In the second period, between 1915 and 1945, public spending was generally volatile, particularly for countries that were more heavily involved in the First and Second World Wars. Government expenditures as a share of national output went sharply up and down in these countries, mainly because of changes in defense spending and national incomes.
In the third period, between 1945 and 1980, public spending grew particularly fast. As we show in more detail later, this was the result of growth in social spending; and was largely made possible by historical increases in government revenues over the same period.
Since 1980 the growth of government expenditure has been slowing down in early-industrialized countries – and in some cases, it has gone down in relative terms. However, in spite of differences in levels, in all these countries public spending as a share of GDP is higher today than before the Second World War.

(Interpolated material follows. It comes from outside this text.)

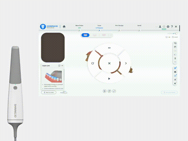 В допълнение, Aoralscan 3 е оборудван с широка гама от интелигентни различни функции, осигуряващи по-комфортно изживяване в денталната клиника. Ползите от тази технология са многобройни: както пациентът, така и практикуващият получават комфорт и няма нужда от използване на отпечатъчни материали. След като цифровият зъбен отпечатък бъде сканиран, всичко, което трябва да направите, е да го изпратите на зъботехника по имейл или с помощта на облака Shining 3D (платформа за данни, която улеснява обмена между клиники и зъботехнически лаборатории).

Although the increase in public spending has not been equal in all countries, it is still remarkable that growth has been a general phenomenon, despite large underlying institutional differences.
At the end of the 19th century, European countries spent less than 10% of GDP via the government. In the 21st century, this figure is around 50% in many European countries. The increase in absolute terms – rather than the shown relative terms – is much larger since the level of GDP per capita increased very substantially over this period.

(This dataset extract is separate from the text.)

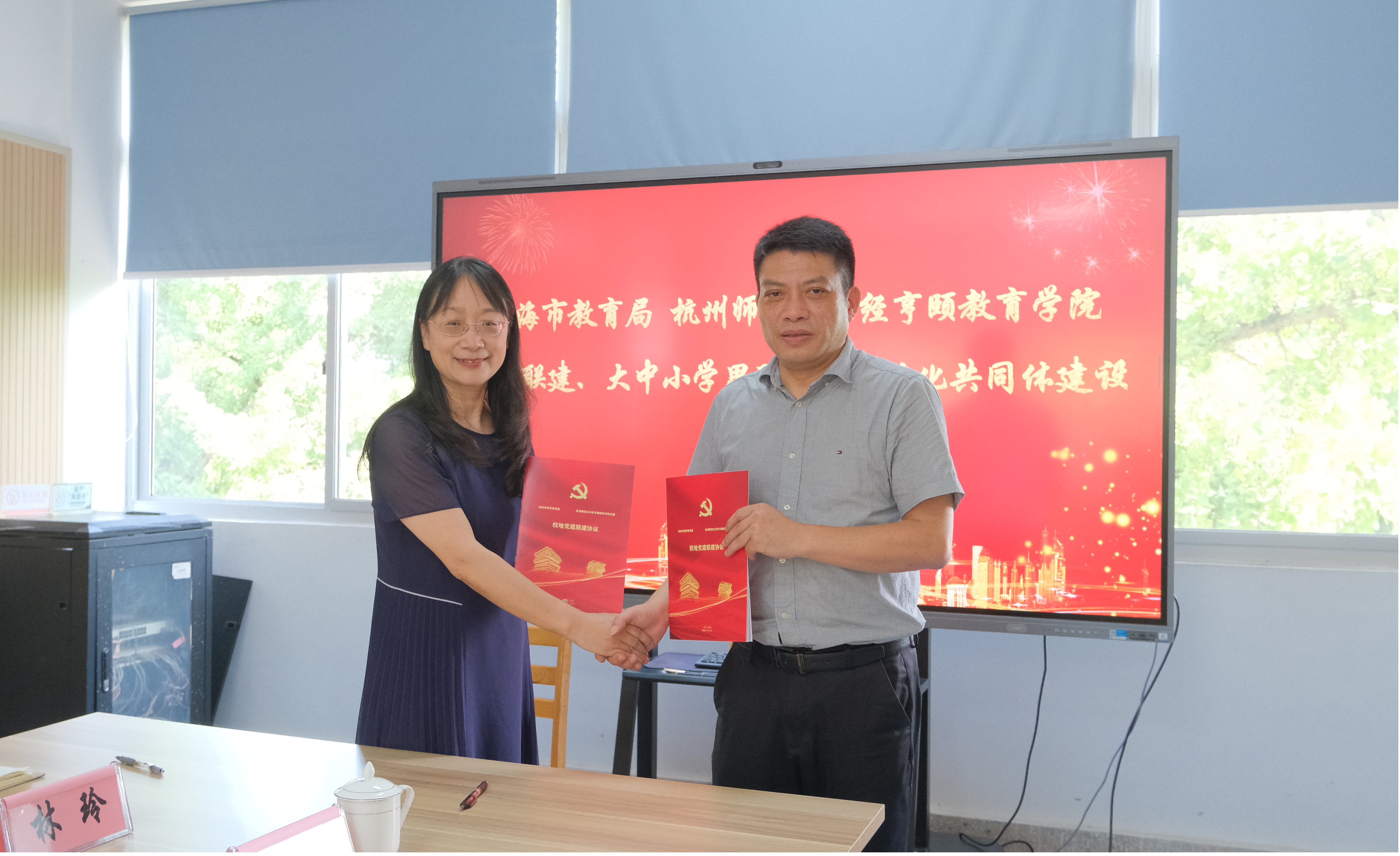 下午,学院党委一行赶赴临海市,与临海市教育局开展了党建联建、大中小学思政教育一体化共同体建设活动。临海市教育局党委委员王卫兴介绍了临海市教育情况,围绕“书香党建、清风校园”党建总品牌,积极打造“学在临海”。学院党委与临海市教育局党委签订了党建联建协议、推进大中小学思政教育一体化协作共建协议,通过共筑组织基础、共促队伍建设、共解群众急难、共办实事好事、共建联动机制,实现双向互动、资源共享、优势互补。

Public spending growth in early-industrialised countries was largely driven by social spending
The visualization above shows that government spending in early-industrialized countries grew substantially in the 20th century. The next visualization shows that this was the result of growth specifically in social spending.
The steep growth of social spending in the second half of the 20th century was largely driven by the expansion of public funding for healthcare and education.

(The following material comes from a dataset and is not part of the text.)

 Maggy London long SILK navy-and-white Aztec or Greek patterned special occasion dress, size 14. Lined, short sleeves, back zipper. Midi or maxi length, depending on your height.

Government spending across the world
Total government spending
The next visualization maps recent estimates of central government expenditure, as a share of national incomes, across the world. The data is published as part of the World Development Indicators and comes from the IMF.
The most striking feature in the chart is the degree of heterogeneity between world regions. Central governments in high-income countries – particularly those in Europe – tend to control a much larger share of national production than governments in low-income countries.
Countries like France spend multiple times as much as countries like Ethiopia.
These estimates have to be interpreted with caution, since central government expenditure provides a somewhat distorted picture of total public spending, particularly in federal countries with large sub-national governments.
Spending per person
The visualization shows total public expenditure per capita, across all levels of government. To allow for cross-country comparability, these estimates are expressed in current PPP US dollars.
As we can see, cross-country differences are also large here. In India, the government spends a fraction per person than countries like Norway.
Composition of government expenditure
Governments differ substantially not only in size but also in priorities
The visualizations above show that governments around the world differ considerably in size, even after controlling for underlying differences in economic activity and population. Here we show that governments also differ substantially in terms of how they prioritize expenditures.
The visualization shows the share of government expenditure that is specifically allocated to education.
As we can see, there are large and persistent differences, even within developing countries. The education spending in some developing countries makes up twice or three times the spending in others.
The proportion of government spending that goes towards social protection varies substantially across OECD countries
We have already pointed out that governments in high-income countries spend more resources than governments in low-income countries, both in per capita terms and as a share of their national incomes.
More so, high-income countries also have higher levels of social spending than countries with lower average incomes.2
The chart here shows social protection expenditures as a share of total general government spending, across different OECD countries. As we can see, there are also large differences across OECD countries themselves.
How do OECD countries distribute their allocations to social spending?
In the chart here we see the allocation of public spending (given as the percentage of a country's GDP) across a range of 'social spending' branches. Note that you can change which country is shown.
Although there are some differences across countries in how social expenditure is distributed, the three priorities are predominantly the same across the OECD. Old age expenditure (in the form of pensions and elderly care) typically receives the largest allocation of social spending, followed by health, with either family or incapacity-related benefits typically coming in third.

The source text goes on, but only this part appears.